The most notable change in my life as of late is moving more than 2,000 miles across the country from my hometown of St. Louis to San Francisco. Ever since a family vacation to California when I was seven years old, I’ve been enamored with the warm sunshine, crashing ocean waves, and incredibly tall palm trees here. Though it seemed natural that my first chance to live in California might come during college, it unfortunately never happened, as my OCD developed quickly and intensely. As my list of desirable universities shrank due to personal academic preferences, it also narrowed out of fear for being far from the safety of home.
After one semester of college my OCD had an almost uncontrollable grip on me. Not only did I question my ability to stay in school, I slowly started to wonder if I’d ever become a resident of my beloved Golden State.
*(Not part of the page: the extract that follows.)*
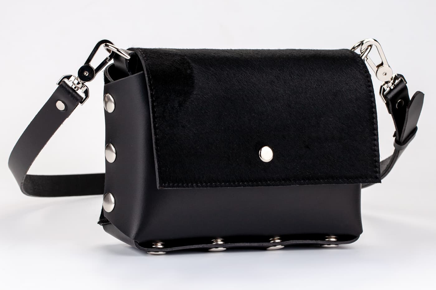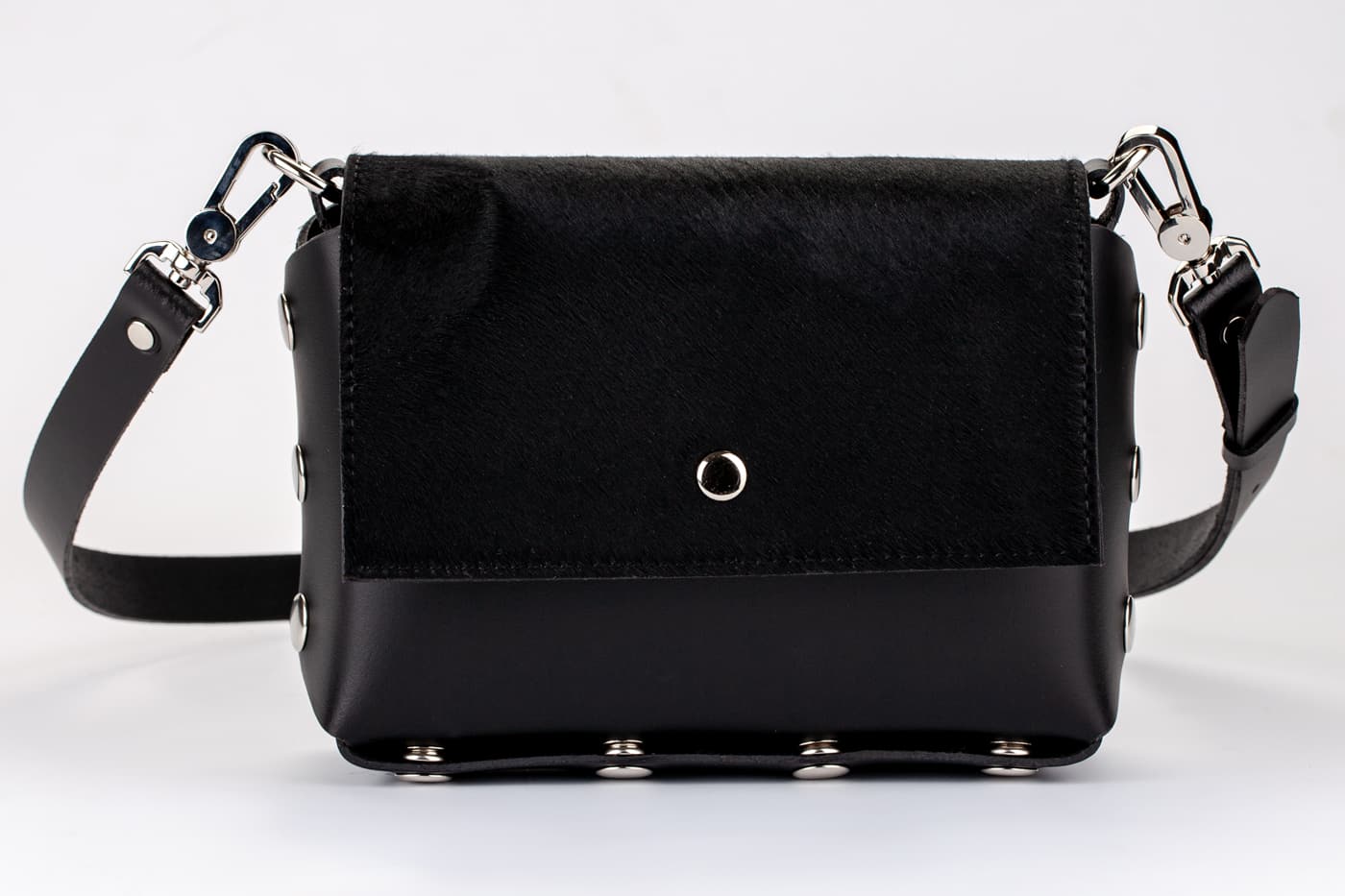 Модел Selin с капак от естествена кожа с косъм от пони в черен цвят.

After several years of family support, countless therapy sessions, time in intensive outpatient treatment, and two subsequent stays at the OCDI, I was able to get myself in a much better place and again began to see all the opportunities the world had to offer.
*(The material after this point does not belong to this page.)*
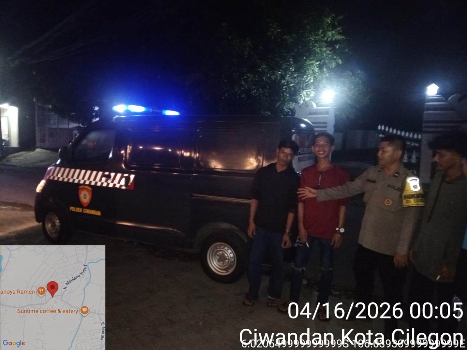 Cilegon - Personil Polsek Ciwandan Polres Cilegon Polda Banten Dalam Pelaksanaan Kegiatan Patroli dengan menyalakan lampu rotator berwarna biru di Daerah Hukum Polsek Ciwandan Polres Cilegon Polda Banten dari malam hingga dini hari, dalam rangka menciptakan situasi aman dan kondusif, Kamis (16/04/2026).

Freeing myself of the significant grip OCD had on me allowed me to get back to living my life. This transition, though positive, was anxiety provoking. Transitions for anyone, OCD sufferer or not, can trigger a strong dichotomy of excitement and anxiety. These changes can come in all varieties–starting a new school year, leaving residential treatment, living away from home for the first time, or getting married. It’s natural for changes to be anxiety provoking, but this concern should not prevent you from chasing your dreams.
It wasn’t easy for me to leave the comforts of home. And despite my wishes, every day hasn’t been a day at the beach (literally or figuratively). But while it was hard to leave the immediate support of family and friends, I realized I had to look out for my own dreams and desires, especially in spite of OCD.